Op Worlorn was de dag aangebroken. Toch schemerde het nog.
‘Verleden jaar was het lichter,’ zei een stem achter hem. ‘Nu is elke dag donkerder, kouder. Van de zes sterren van de Hellekroon gaan er nu twee schuil achter de Dikke Duivel en daar hebben we dus niets meer aan. De andere worden kleiner en verwijderen zich. De Duivel zelf kijkt nog neer op Worlorn, maar zijn licht is erg rood en verliest aan kracht. Dus leeft Worlorn in een langzaam vervagende zonsondergang. Nog een paar jaar en de zeven zonnen zijn tot zeven sterren verschrompeld en het ijs komt terug.’
De spreker stond heel stil terwijl hij de zonsopgang gadesloeg, zijn gelaarsde voeten licht gespreid, zijn handen op zijn heupen. Het was een lange man, slank en gespierd, en zijn borst was ondanks de kille morgen ontbloot. Zijn bronsrode huid zag er nog roder uit in het licht van de Dikke Duivel. Hij had hoge, hoekige jukbeenderen, stevige, vierkante kaken en een terugwijkende, schouderlange haardos die even zwart was als die van Gwen. En om beide onderarmen — donkere onderarmen, bedekt met fijn, zwart haar — droeg hij armbanden, allebei massief. Jade met zilver om zijn linkerarm, zwart ijzer met rode gloeisteen om zijn rechterarm.
Dirk bleef roerloos zitten op de vleugel van de luchtwagen. De man keek op hem neer. ‘Jij bent Dirk t’Larien, en eens was je Gwens minnaar.’
‘En jij bent Jaan.’
‘Jaan Vikary, van het IJzerjade-gezelschap,’ zei de ander. Hij deed een stap naar voren en stak zijn handen op, de lege palmen naar buiten gekeerd.

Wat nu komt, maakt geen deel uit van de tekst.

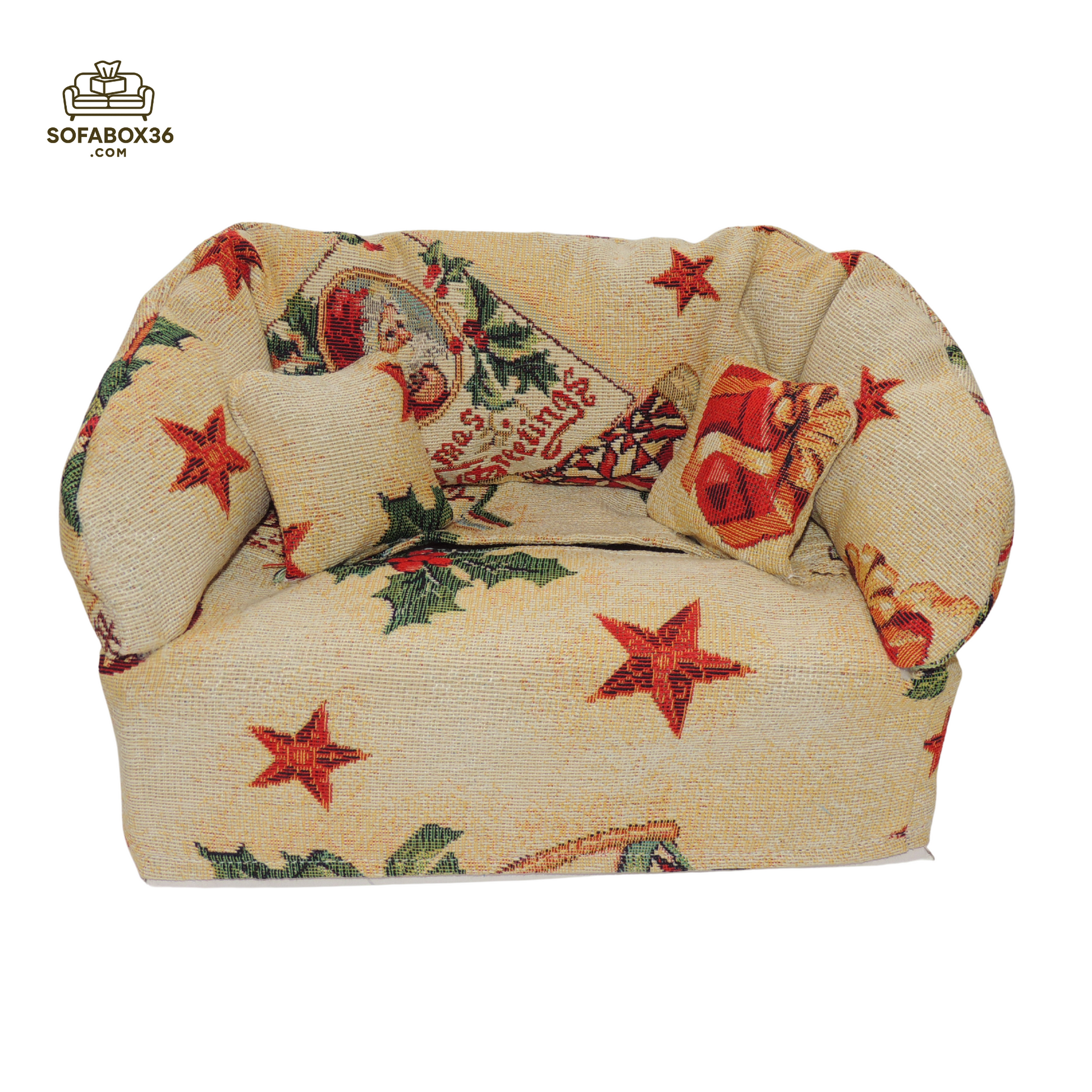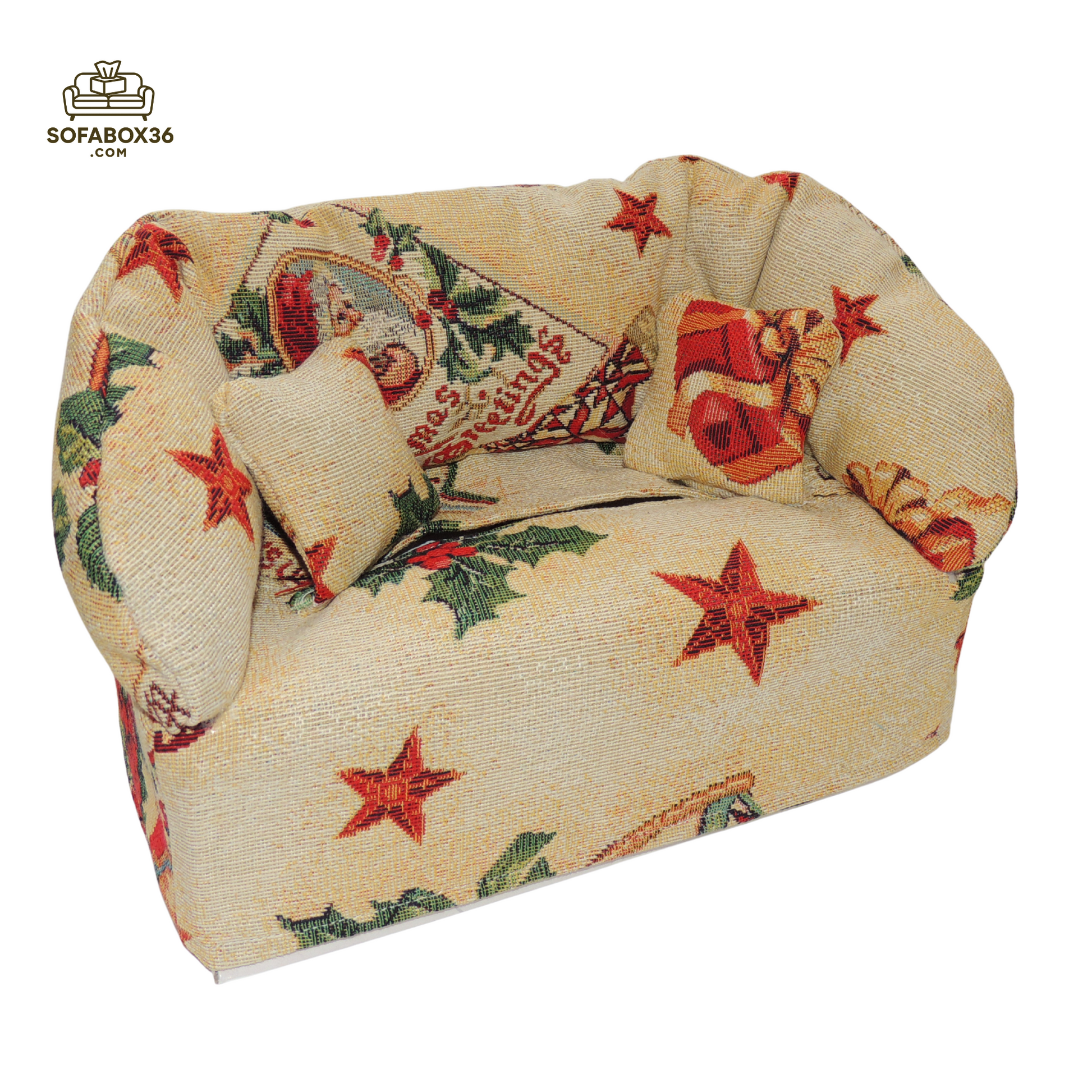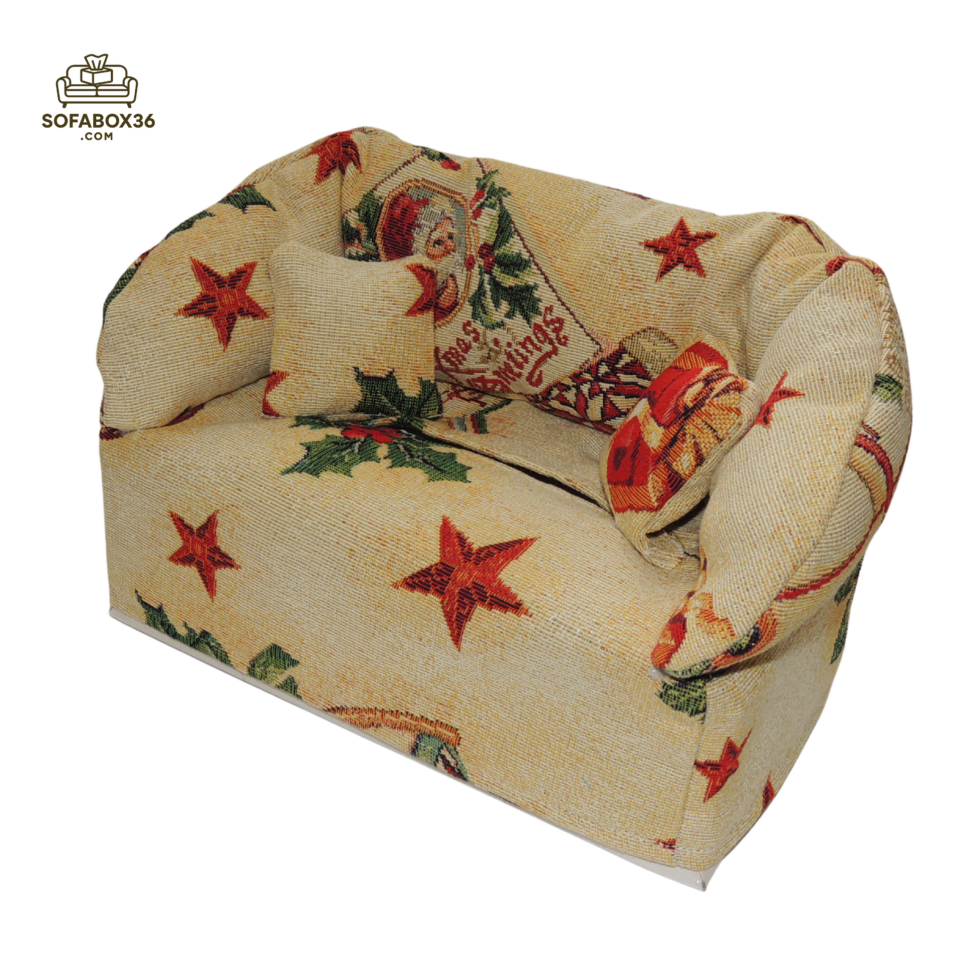 Taschentuchbox Überzug als Sofa dargestellt. Weihnachten

Dirk kende dit gebaar ergens van. Hij stond op en drukte zijn eigen handpalmen tegen die van de Kavalaar. Terwijl hij dit deed, zag hij nog iets anders. Jaan droeg een riem van zwart geolied metaal en een laserpistool op zijn heup.
Vikary ving zijn blik op en glimlachte. ‘Alle Kavalaren zijn gewapend. Het is een gewoonte waar wij prijs op stellen. Ik hoop dat je niet zo geschokt en bevooroordeeld bent als Gwens vriend, de Kimdissi. Maar als dat wel zo is, ligt dat aan jou, niet aan ons. Larteyn is een deel van Hoog Kavalaan en je kunt niet verwachten dat jullie cultuur zich aan de onze aanpast.’
Dirk was weer gaan zitten. ‘Nee. Ik had het misschien moeten verwachten na wat ik gisteravond heb gehoord. Maar ik vind het vreemd. Is er ergens een oorlog aan de gang?’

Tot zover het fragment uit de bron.